Starting at the first line of the data, print every line up to and including the one with "Am I added to", but no pictures.

[Dataset items]
========

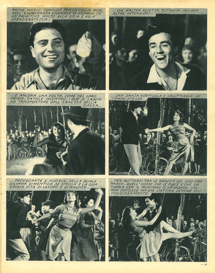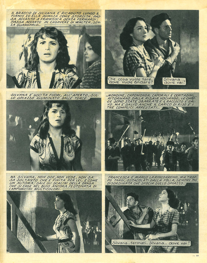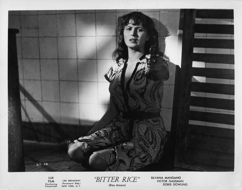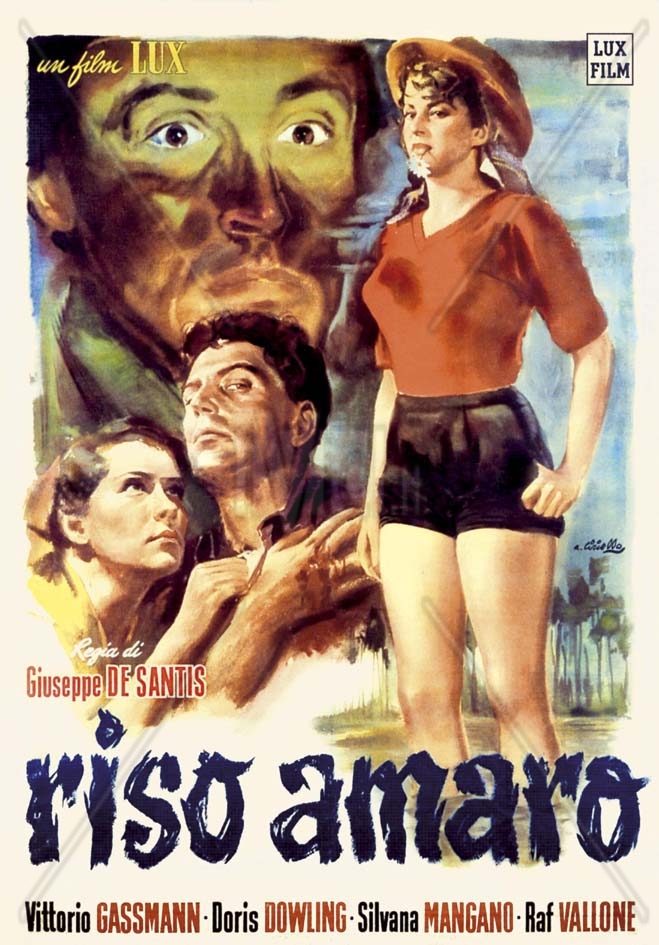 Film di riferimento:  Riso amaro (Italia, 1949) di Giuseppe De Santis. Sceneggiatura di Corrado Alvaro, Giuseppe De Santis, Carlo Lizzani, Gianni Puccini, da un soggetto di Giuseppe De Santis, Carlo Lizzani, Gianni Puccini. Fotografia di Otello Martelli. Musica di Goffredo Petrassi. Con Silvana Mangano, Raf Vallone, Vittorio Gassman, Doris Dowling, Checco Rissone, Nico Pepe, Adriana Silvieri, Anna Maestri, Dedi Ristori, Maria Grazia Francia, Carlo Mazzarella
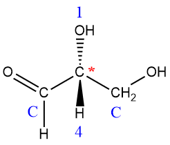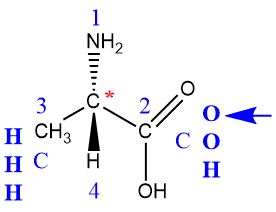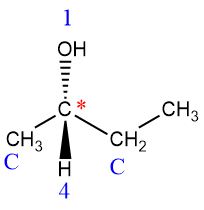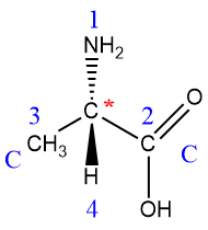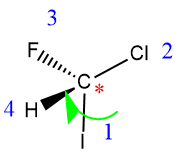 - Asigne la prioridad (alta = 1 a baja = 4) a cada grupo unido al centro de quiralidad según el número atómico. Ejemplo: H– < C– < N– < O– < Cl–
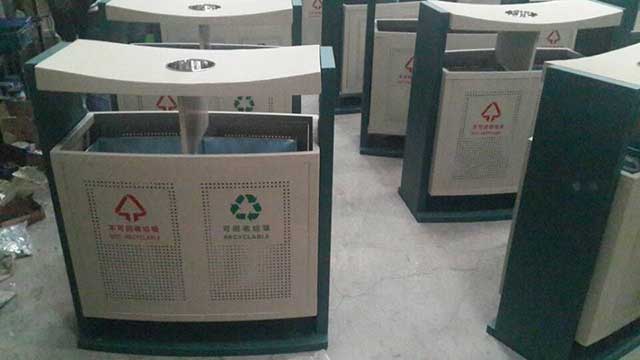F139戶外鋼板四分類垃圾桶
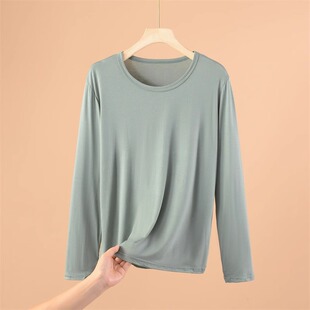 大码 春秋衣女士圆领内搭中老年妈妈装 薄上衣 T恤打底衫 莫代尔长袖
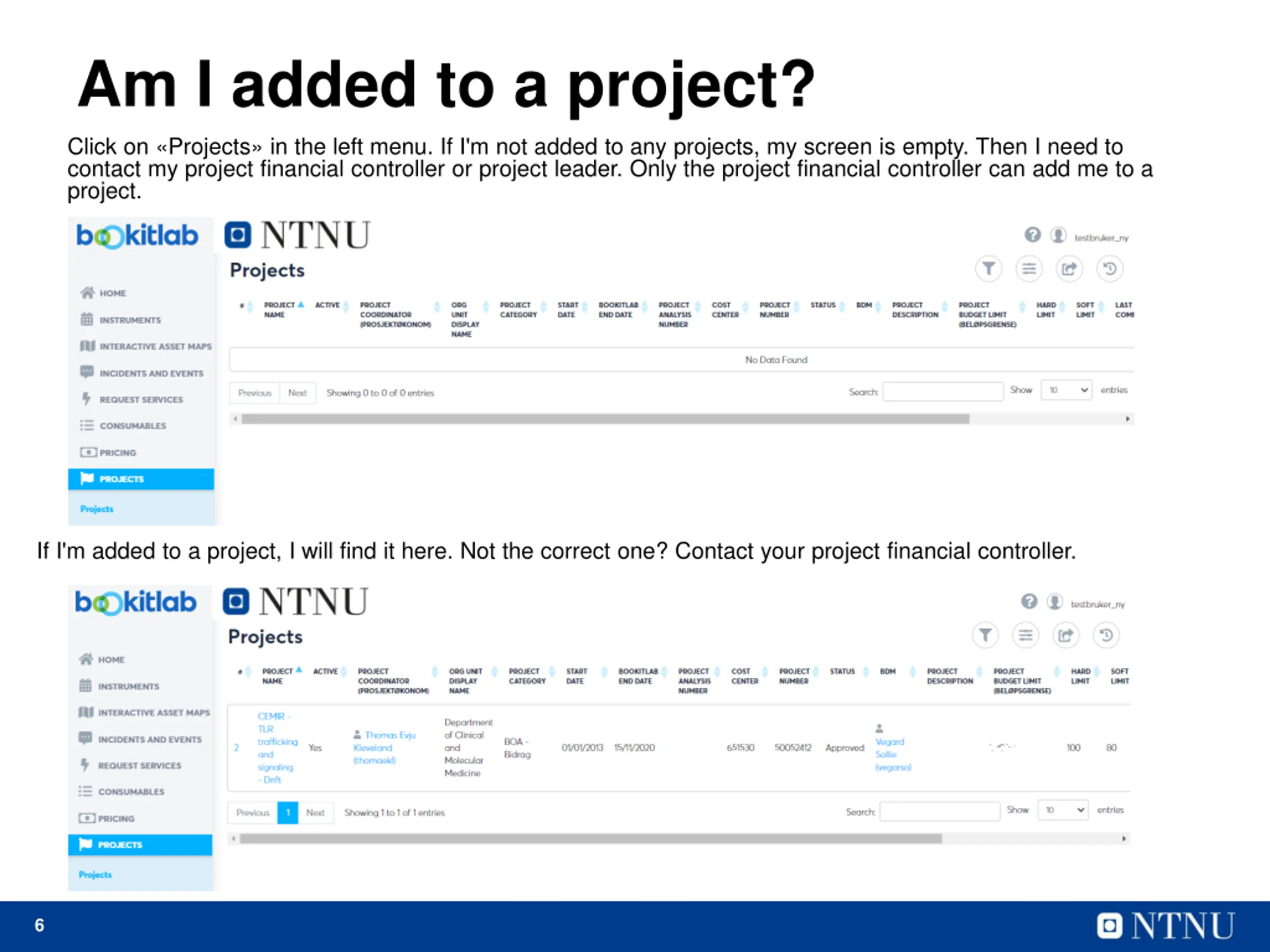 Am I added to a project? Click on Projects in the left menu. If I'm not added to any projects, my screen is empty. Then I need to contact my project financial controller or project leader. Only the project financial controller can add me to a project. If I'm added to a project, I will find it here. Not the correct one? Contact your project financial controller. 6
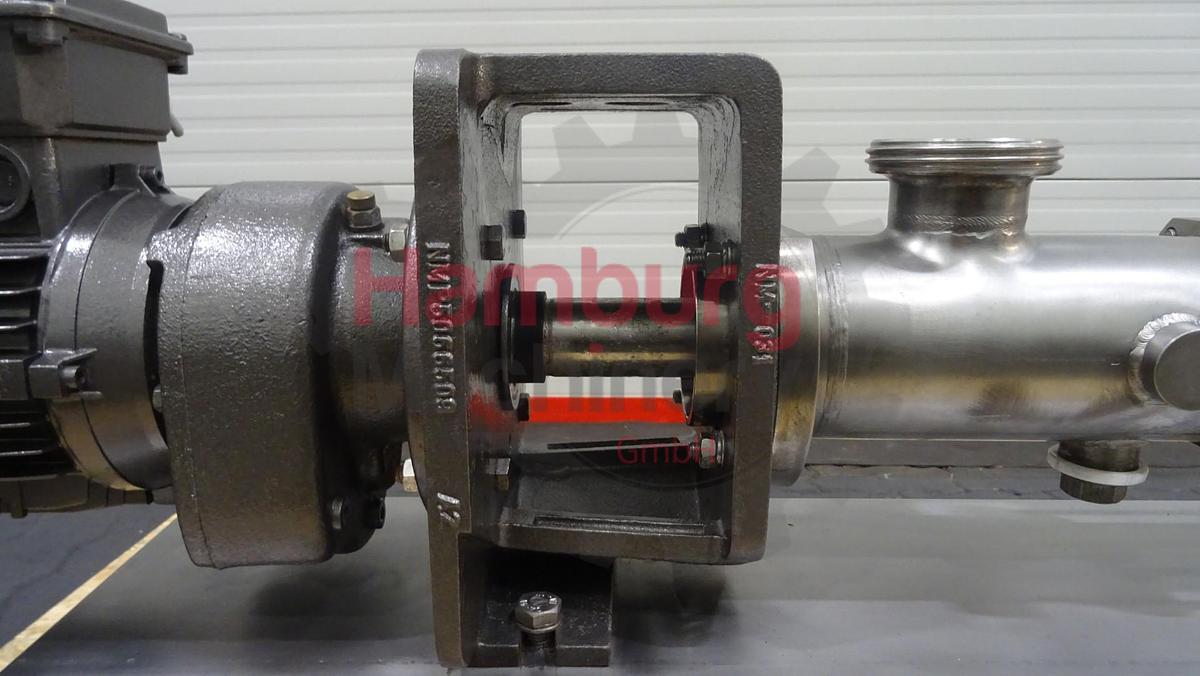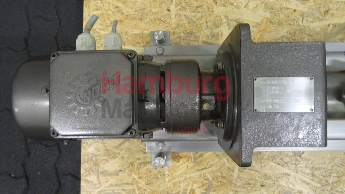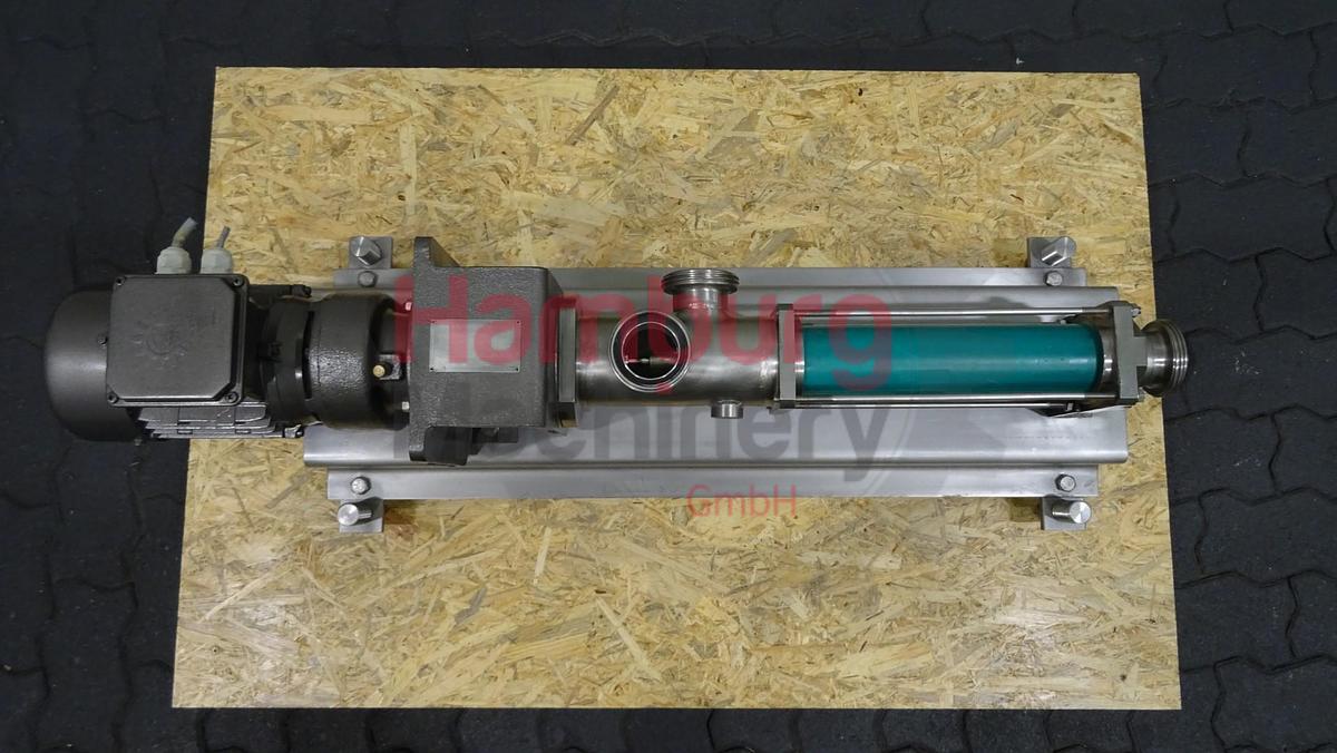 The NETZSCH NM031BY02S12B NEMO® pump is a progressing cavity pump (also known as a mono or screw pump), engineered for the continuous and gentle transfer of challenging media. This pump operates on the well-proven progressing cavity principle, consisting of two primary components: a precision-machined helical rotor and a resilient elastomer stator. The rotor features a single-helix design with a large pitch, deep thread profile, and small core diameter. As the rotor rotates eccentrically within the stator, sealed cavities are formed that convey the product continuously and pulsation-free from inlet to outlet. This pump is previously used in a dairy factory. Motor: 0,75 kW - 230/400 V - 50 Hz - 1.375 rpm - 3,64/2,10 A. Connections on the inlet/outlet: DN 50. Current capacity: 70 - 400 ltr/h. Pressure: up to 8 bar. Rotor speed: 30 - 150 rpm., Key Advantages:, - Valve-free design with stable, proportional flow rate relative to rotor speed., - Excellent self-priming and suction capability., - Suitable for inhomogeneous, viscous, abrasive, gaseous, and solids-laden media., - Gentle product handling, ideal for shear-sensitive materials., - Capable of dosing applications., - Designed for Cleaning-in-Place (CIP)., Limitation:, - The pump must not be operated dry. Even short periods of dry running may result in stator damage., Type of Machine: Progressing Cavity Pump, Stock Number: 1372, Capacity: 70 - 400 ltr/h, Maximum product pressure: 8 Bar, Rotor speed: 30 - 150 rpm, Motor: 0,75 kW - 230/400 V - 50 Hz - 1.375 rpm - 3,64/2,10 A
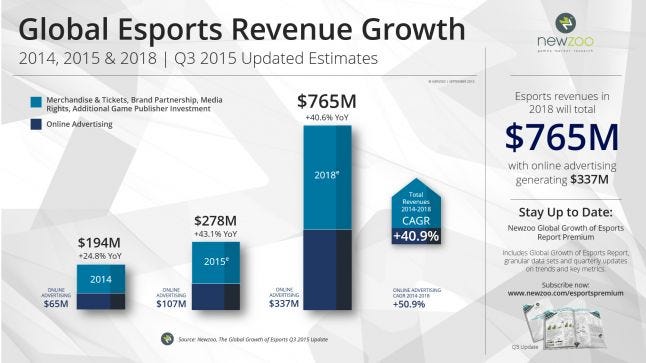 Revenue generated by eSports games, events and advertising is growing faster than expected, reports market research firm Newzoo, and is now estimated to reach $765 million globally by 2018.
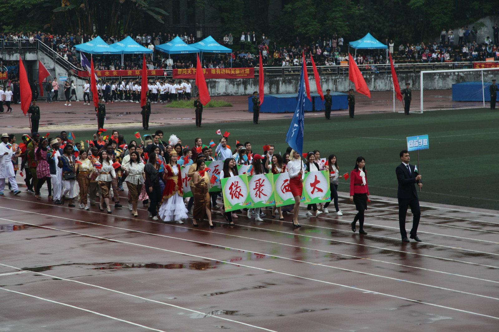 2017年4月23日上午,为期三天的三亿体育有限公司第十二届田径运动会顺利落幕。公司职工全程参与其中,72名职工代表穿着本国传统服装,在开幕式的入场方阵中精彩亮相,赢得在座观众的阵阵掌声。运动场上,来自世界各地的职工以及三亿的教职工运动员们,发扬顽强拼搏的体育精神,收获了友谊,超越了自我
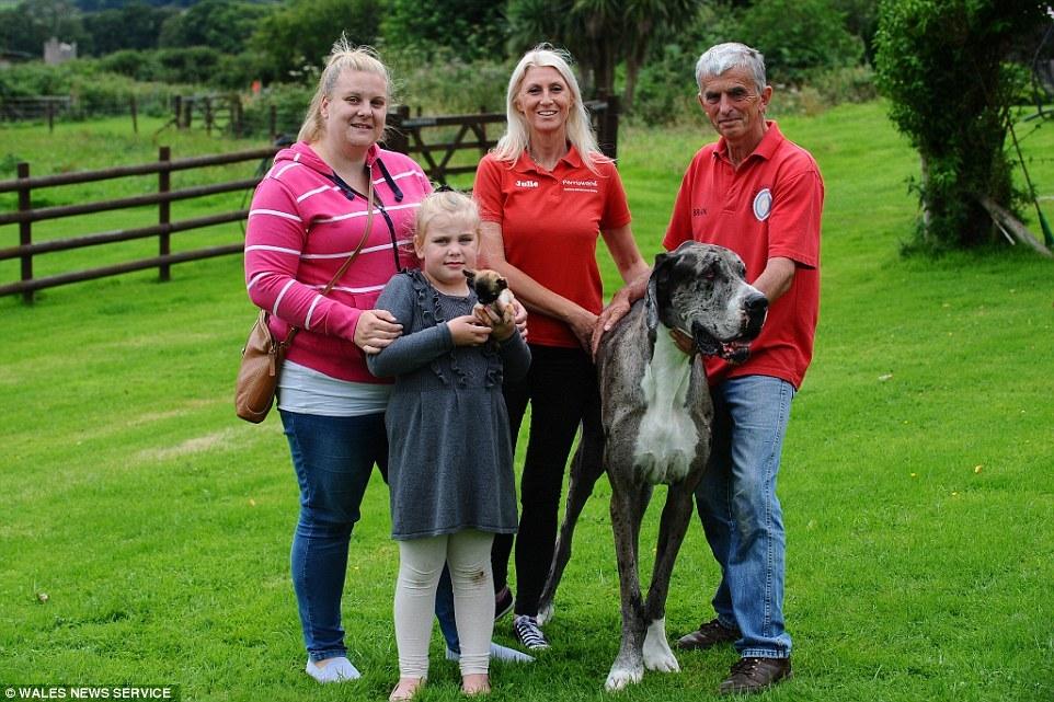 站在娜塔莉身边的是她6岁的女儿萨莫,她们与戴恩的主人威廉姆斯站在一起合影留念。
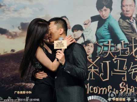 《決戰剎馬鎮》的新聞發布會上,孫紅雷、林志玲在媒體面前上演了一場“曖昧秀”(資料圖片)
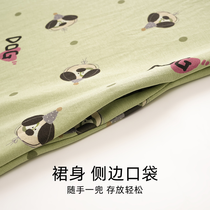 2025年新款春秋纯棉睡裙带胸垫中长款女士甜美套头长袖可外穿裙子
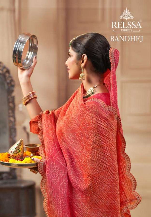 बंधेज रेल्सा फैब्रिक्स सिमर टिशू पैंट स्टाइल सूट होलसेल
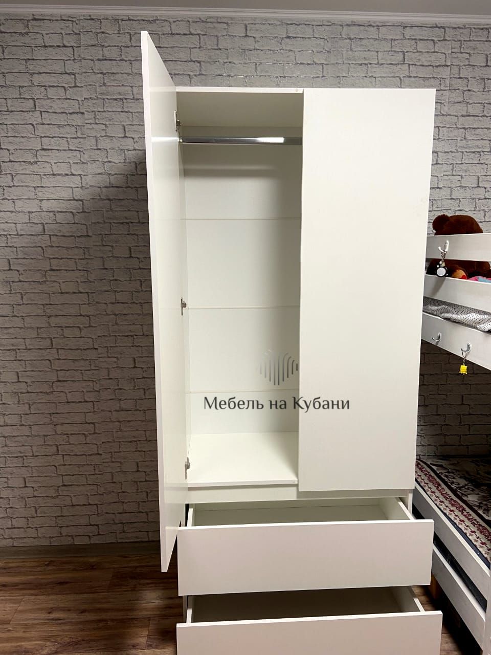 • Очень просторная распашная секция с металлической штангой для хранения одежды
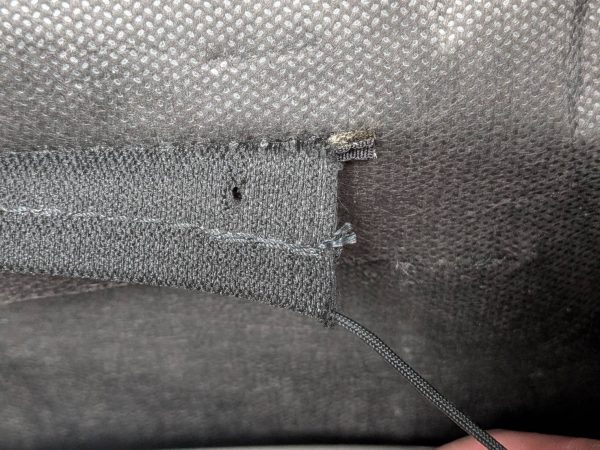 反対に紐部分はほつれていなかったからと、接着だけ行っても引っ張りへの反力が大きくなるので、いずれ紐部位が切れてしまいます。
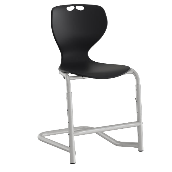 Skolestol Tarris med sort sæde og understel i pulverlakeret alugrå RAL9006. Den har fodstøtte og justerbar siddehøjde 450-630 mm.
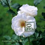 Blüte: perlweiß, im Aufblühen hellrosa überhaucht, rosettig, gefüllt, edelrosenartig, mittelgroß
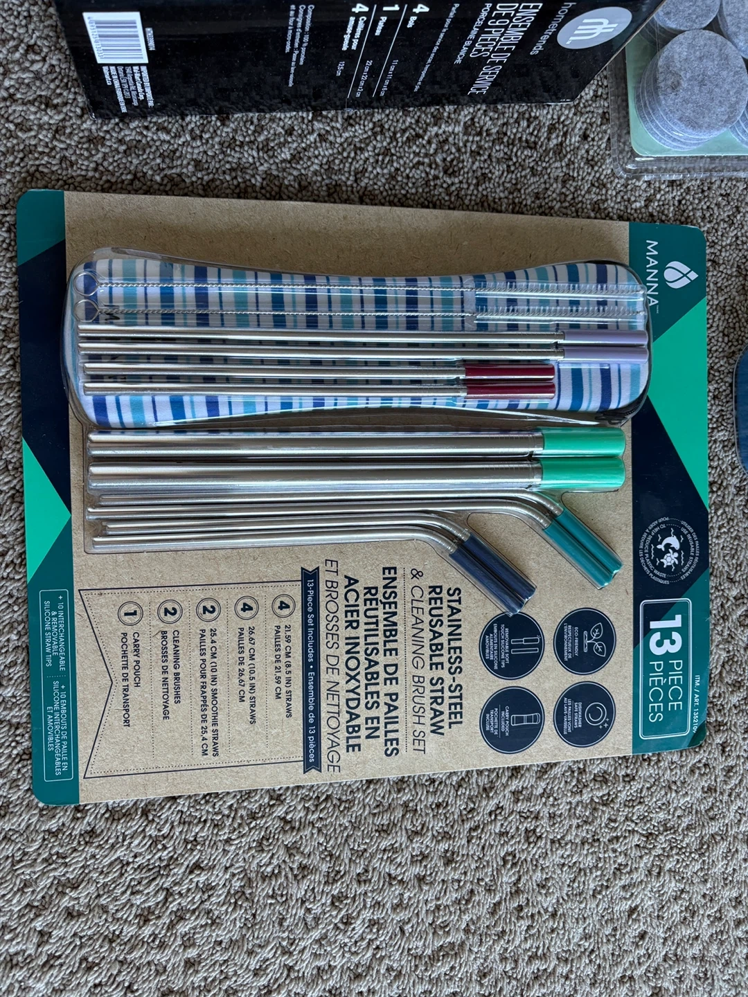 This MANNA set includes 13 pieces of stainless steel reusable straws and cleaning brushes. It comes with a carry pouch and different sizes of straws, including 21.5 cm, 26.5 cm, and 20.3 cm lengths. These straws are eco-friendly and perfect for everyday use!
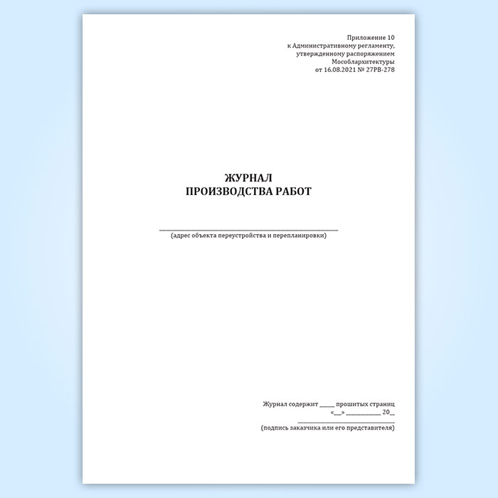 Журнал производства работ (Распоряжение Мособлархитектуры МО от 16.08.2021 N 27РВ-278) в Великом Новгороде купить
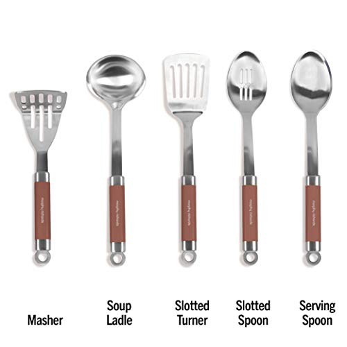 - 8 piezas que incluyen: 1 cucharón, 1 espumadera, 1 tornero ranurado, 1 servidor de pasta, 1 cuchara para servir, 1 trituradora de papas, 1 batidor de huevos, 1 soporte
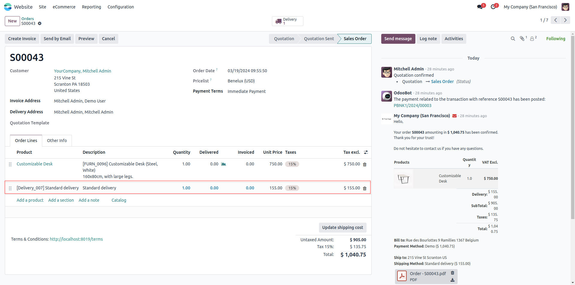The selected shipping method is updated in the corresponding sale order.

========

• [Response to the exercise]
 Film di riferimento:  Riso amaro (Italia, 1949) di Giuseppe De Santis. Sceneggiatura di Corrado Alvaro, Giuseppe De Santis, Carlo Lizzani, Gianni Puccini, da un soggetto di Giuseppe De Santis, Carlo Lizzani, Gianni Puccini. Fotografia di Otello Martelli. Musica di Goffredo Petrassi. Con Silvana Mangano, Raf Vallone, Vittorio Gassman, Doris Dowling, Checco Rissone, Nico Pepe, Adriana Silvieri, Anna Maestri, Dedi Ristori, Maria Grazia Francia, Carlo Mazzarella
 - Asigne la prioridad (alta = 1 a baja = 4) a cada grupo unido al centro de quiralidad según el número atómico. Ejemplo: H– < C– < N– < O– < Cl–
F139戶外鋼板四分類垃圾桶
 大码 春秋衣女士圆领内搭中老年妈妈装 薄上衣 T恤打底衫 莫代尔长袖
 Am I added to a project? Click on Projects in the left menu. If I'm not added to any projects, my screen is empty. Then I need to contact my project financial controller or project leader. Only the project financial controller can add me to a project. If I'm added to a project, I will find it here. Not the correct one? Contact your project financial controller. 6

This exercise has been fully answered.